Pulmonary nociceptors are potentially connected with neuroepithelial bodies.

Pulmonary Medicine, University of Louisville, Louisville, KY 40292, USA.
Advances in Experimental Medicine and Biology (Impact Factor: 2.01). 02/2006; 580:301-6; discussion 351-9. DOI: 10.1007/0-387-31311-7_46
Source: PubMed

ABSTRACT Airway sensory receptors regulate cardiopulmonary function by providing constant information about the mechanical and chemical status of the lung to the central nervous system (CNS). There are at least three airway sensor types: slowly adapting receptors (SARs), rapidly adapting receptors (RARs), and C-fiber receptors (CFRs). We recently identified additional A-delta fiber receptors in intact rabbits that are different from SARs and RARs. Having a high mechanical threshold, they respond to hypertonic saline and are termed high threshold A-delta receptors (HTARs). SARs and RARs monitor airway mechanical changes, whereas HTARs and CFRs sense chemical alterations and may serve as nociceptors. As with nociceptors in other tissue, the latter are activated during lung inflammatory processes. Also, the airway houses neuroendocrine cells aggregated in organoids called neuroepithelial bodies (NEBs).
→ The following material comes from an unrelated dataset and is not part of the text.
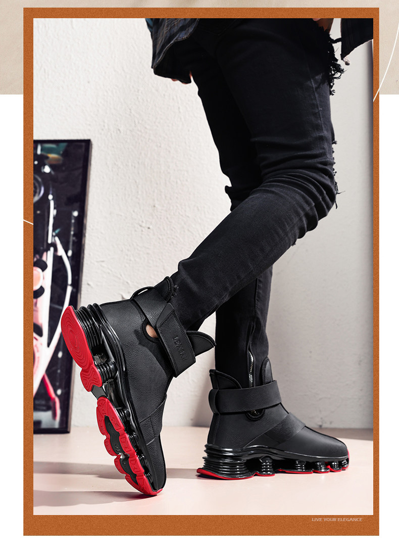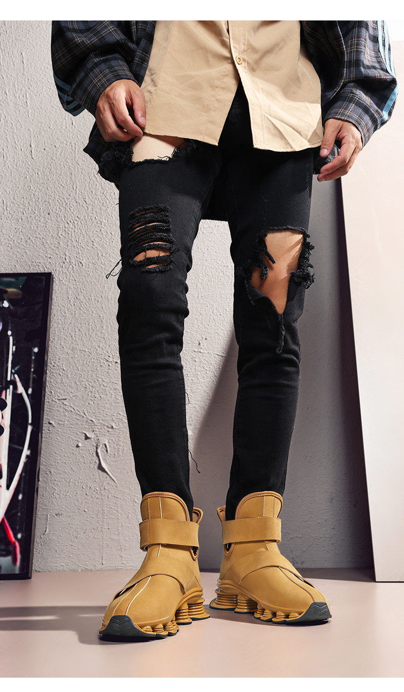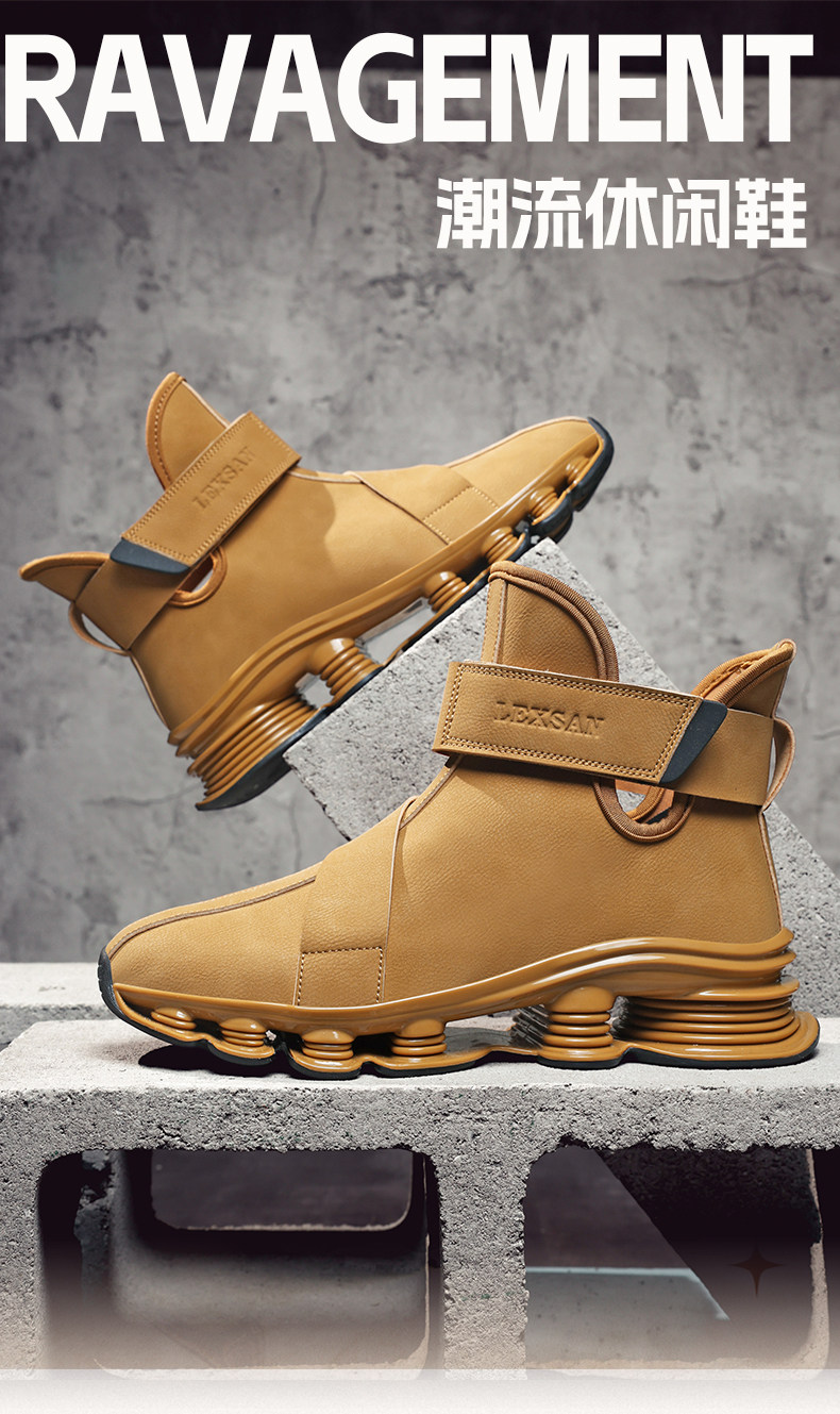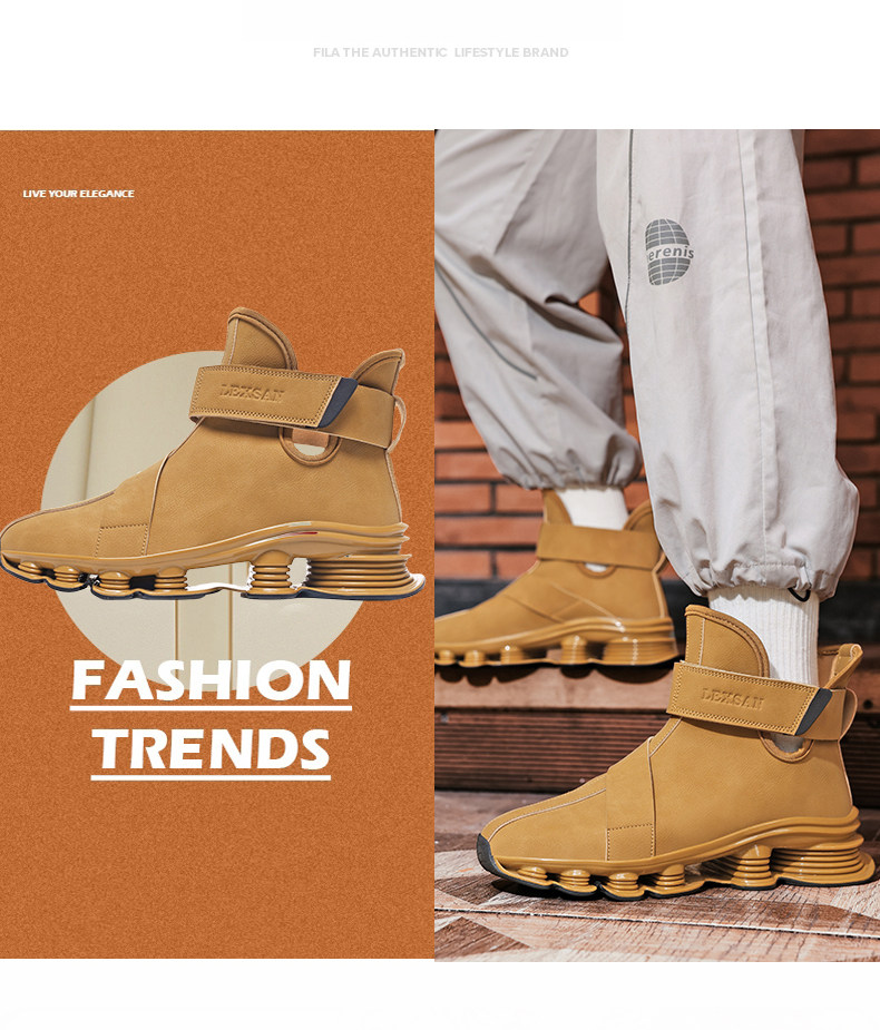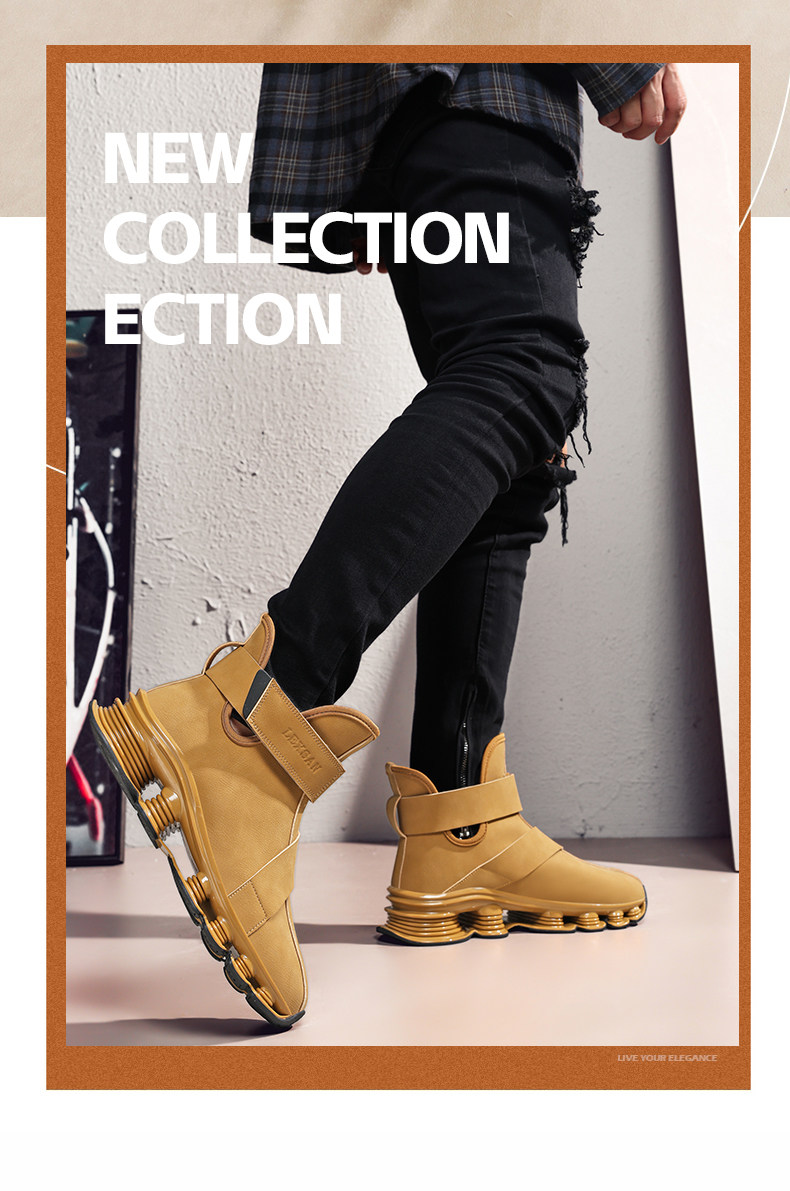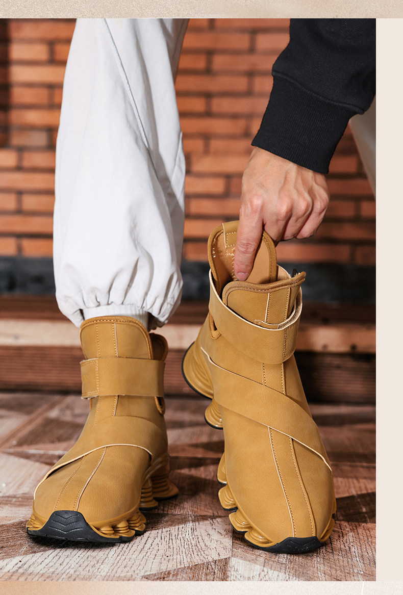 High-Top Martin Boots for Men, Autumn and Winter, Retro Fashion, Trendy, Light Luxury Leather, Large Size, Sports Shock-Absorbing Running Boots, Yellow Leather Boots

NEBs are richly innervated by nerve fibers from different origins. Similar in structure to the carotid bodies, NEBs are believed to be sensors, with at least some sensory fibers that have cell bodies in the nodose ganglia. Therefore, they may serve CNS reflex functions. Strategically located at airway bifurcations, NEBs may signal the chemical composition of or presence of irritants in the air. This study intends to explore the possibility that NEBs are associated with nociceptors.